請求項1を引用する請求項2?7、及び、請求項1を引用する請求項9?10に係る発明も、同様の理由により、発明の詳細な説明に記載したものでない。

(2)請求項8?10について
……
したがって、「前記第1界面電極及び前記第1外側電極中の窒素濃度は、前記第1界面電極から前記第1外側電極へ向かって連続的に減少している」という態様において、前記メモリセルが良好な抵抗変化特性を示す理由である「前記第1電極の厚みは、前記抵抗変化層に形成されるフィラメント直径」の「80%以下であ」ることは、本願明細書には記載されていない。
よって、請求項8に係る発明は、発明の詳細な説明に記載したものでない。
請求項8を引用する請求項9?10に係る発明も、同様の理由により、発明の詳細な説明に記載したものでない。
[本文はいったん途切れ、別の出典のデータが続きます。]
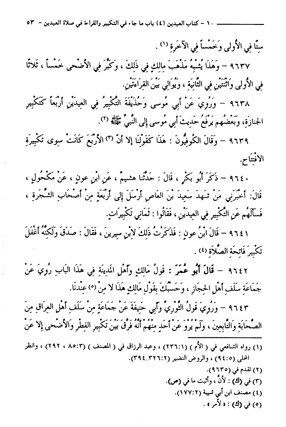 9643 - وَرُوِيَ قَوْلُ الثَّوْرِيِّ وَأَبِي حَنِيفَةَ عَنْ جَمَاعَةٍ مِنْ سَلَفِ أَهْلِ الْعِرَاقِ مِنَ الصَّحَابَةِ وَالتَّابِعِينَ، وَلَمْ يُرْوَ عَنْ أَحَدٍ مِنْهُمْ أَنَّهُ فَرَّقَ بَيْنَ تَكْبِيرِ الْفِطْرِ وَالْأَضْحَى إِلَّا عَنْ
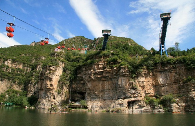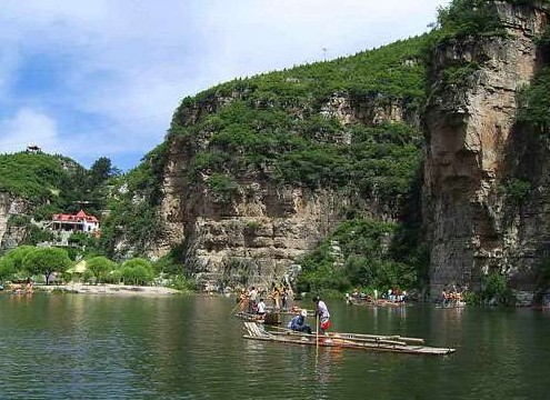 十渡風景區(qū)  位于北京市房山區(qū)西南,是中國北方唯一一處大規(guī)??λ固貛r溶地貌。十渡風景區(qū)是中國國家AAAA景區(qū)和中國國家地質公園。十渡風景區(qū)是大清河支流拒馬河切割太行山脈北端而形成的一條河谷,全程約20公里。由于在歷史上這條河谷中一共有十個渡過拒馬河的擺渡渡口,故而得名“十渡”。
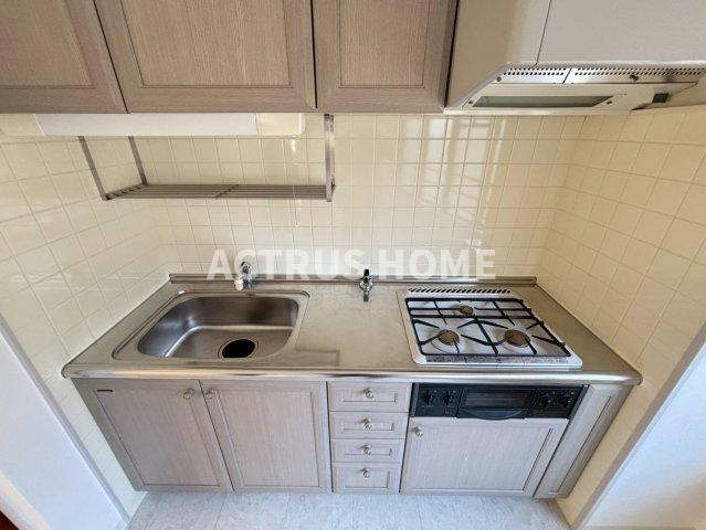 木目調のキッチンが温かみを演出する、コンパクトながら機能的な空間。ステンレス製のシンクと2口ガスコンロが一体化されたカウンターは、掃除がしやすく使い勝手も抜群。上下に設けられた収納スペースと吊り棚で、調理器具や食材の整理もスムーズです。賃貸マンションで「コンパクトキッチン」「収納力」「使いやすさ」を重視する方にぴったり。毎日の料理が楽しくなる、暮らしに寄り添うキッチンです。
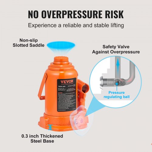 VEVOR Hydraulic Bottle Jack, 20 Ton/44092 LBS All Welded Bottle Jack, 7.5-14 inch Lifting Range, with 3-section Long Handle, for Car, Pickup Truck, Truck, RV, Auto Repair, Industrial Engineering
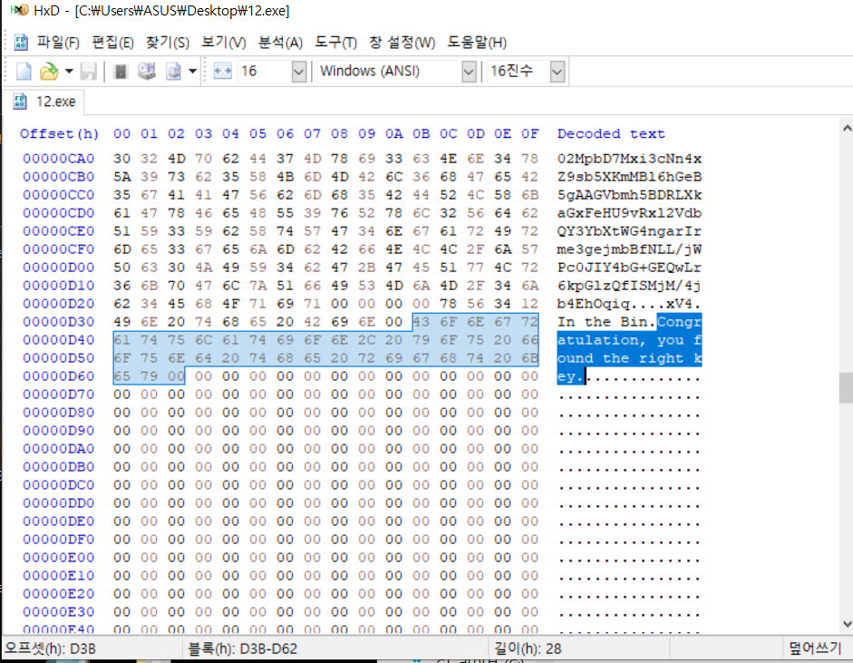key 값을 찾았으니 성공 문자열을 수정하기 위해 HXD로 열어줍시다.

(3)請求項1、及び、請求項1を引用する請求項5?6ないし請求項9?10について
……
以上の記載から、「第1界面電極」が、「貴金属」を含まず「抵抗率は、前記第1外側電極の抵抗率よりも高」いという条件を満たせば、それが如何なる材料であっても、「高信頼な抵抗変化素子を実現する」という課題を解決することが、本願明細書に記載されているとは、認められない。
以上から、請求項1、及び、請求項1を引用する請求項5?6ないし請求項9?10に係る発明は、発明の詳細な説明に記載したものでない。
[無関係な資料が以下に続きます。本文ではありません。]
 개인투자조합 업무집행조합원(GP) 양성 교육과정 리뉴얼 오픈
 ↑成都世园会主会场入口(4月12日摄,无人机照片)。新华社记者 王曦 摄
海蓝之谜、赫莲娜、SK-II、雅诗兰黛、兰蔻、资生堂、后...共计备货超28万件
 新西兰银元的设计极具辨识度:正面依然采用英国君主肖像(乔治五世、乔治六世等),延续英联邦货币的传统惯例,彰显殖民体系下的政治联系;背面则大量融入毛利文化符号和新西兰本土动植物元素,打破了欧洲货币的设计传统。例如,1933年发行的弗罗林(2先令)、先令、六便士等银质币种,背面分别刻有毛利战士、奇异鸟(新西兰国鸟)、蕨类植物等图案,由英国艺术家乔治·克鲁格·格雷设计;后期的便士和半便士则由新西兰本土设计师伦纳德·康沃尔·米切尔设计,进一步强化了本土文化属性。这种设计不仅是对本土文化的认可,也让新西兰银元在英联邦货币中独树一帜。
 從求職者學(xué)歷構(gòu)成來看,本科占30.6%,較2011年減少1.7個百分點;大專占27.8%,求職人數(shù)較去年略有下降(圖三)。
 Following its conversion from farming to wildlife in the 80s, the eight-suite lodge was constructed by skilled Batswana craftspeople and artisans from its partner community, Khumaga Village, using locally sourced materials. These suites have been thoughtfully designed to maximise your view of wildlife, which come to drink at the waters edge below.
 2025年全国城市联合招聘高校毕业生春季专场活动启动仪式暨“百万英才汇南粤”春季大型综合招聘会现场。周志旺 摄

(4)請求項1、及び、請求項1を引用する請求項2?5、請求項7?10には、「第1電極及び第2電極」を備えることは記載されているものの、前記「第2電極」の構成については何ら記載されていない。
したがって、請求項1、及び、請求項1を引用する請求項2?5、請求項7?10に係る発明における前記「第2電極」は、「貴金属を含まない」単一の層で均一な「抵抗率」を持つ材料からなるものを包含している。
しかしながら、「第2電極」を、「貴金属を含まない」単一の層で均一な「抵抗率」を持つ材料で形成することが、本願明細書に記載されているとは認められない。
よって、請求項1、及び、請求項1を引用する請求項2?5、請求項7?10に係る発明は、発明の詳細な説明に記載したものでない。
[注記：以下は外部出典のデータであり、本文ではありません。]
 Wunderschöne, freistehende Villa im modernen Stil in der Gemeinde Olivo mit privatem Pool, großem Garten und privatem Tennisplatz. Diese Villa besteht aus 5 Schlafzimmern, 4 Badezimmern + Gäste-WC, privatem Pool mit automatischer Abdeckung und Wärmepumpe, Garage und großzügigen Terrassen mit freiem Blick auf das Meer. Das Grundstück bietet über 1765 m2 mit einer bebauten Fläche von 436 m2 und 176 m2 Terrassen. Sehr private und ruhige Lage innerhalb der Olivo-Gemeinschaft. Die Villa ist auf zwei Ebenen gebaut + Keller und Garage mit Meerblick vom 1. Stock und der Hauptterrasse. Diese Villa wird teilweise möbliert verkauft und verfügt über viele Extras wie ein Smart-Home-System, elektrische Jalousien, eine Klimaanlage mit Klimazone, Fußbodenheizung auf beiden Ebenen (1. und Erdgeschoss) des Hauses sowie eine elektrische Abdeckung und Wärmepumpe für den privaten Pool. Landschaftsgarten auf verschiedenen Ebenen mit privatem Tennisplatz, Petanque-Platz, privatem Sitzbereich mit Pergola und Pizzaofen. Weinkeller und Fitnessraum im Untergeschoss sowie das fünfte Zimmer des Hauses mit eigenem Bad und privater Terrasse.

(5)請求項1、及び、請求項1を引用する請求項2?4、6?10について
請求項1、及び、請求項1を引用する請求項2?4、6?10には、「前記第1電極の厚みは、前記抵抗変化層に形成されるフィラメント直径の0%より大きく、80%以下であり」、「前記第1界面電極の膜厚は、前記第1外側電極の膜厚よりも薄く」との記載はあるものの、「前記第1界面電極の膜厚」の具体的な範囲、特に「前記第1界面電極の膜厚」の下限については、何ら記載されていない。
したがって、請求項1、及び、請求項1を引用する請求項2?4、6?10に係る発明の「第1界面電極」は、たとえば、単原子膜からなる「電極」を包含している。
これに対して、本願明細書には、たとえば、段落【0012】?【0016】及び【0026】に、「メモリセル」が「良好な抵抗変化特性を持つ」という課題を解決するため、「第1界面電極42は、少なくとも下部電極51と抵抗変化層41との界面の酸化を防止する機能が求められているから、抵抗変化層41の表面を確実に覆うべく、2原子層程度以上であることが好ましい。一方で、上記材料は抵抗率が高い傾向にあるので、下部電極51の抵抗を低く抑えるべく、20原子層程度以下とすることが好ましい。あるいは、膜厚1nm以上、10nm程度であることが好ましい。」と記載されている。
すなわち、本願明細書には、「メモリセル」が「良好な抵抗変化特性を持つ」という課題を解決するためには「少なくとも下部電極51と抵抗変化層41との界面の酸化を防止する機能が求められている」とともに「下部電極51の抵抗を低く抑えるべく」、「第1界面電極の膜厚」を、「2原子層程度以上」かつ「20原子層程度以下とする」か、あるいは、「1nm以上、10nm程度であることが好ましい。」ことが記載されている。
よって、請求項1、及び、請求項1を引用する請求項2?4、6?10に係る発明は、発明の詳細な説明に記載したものでない。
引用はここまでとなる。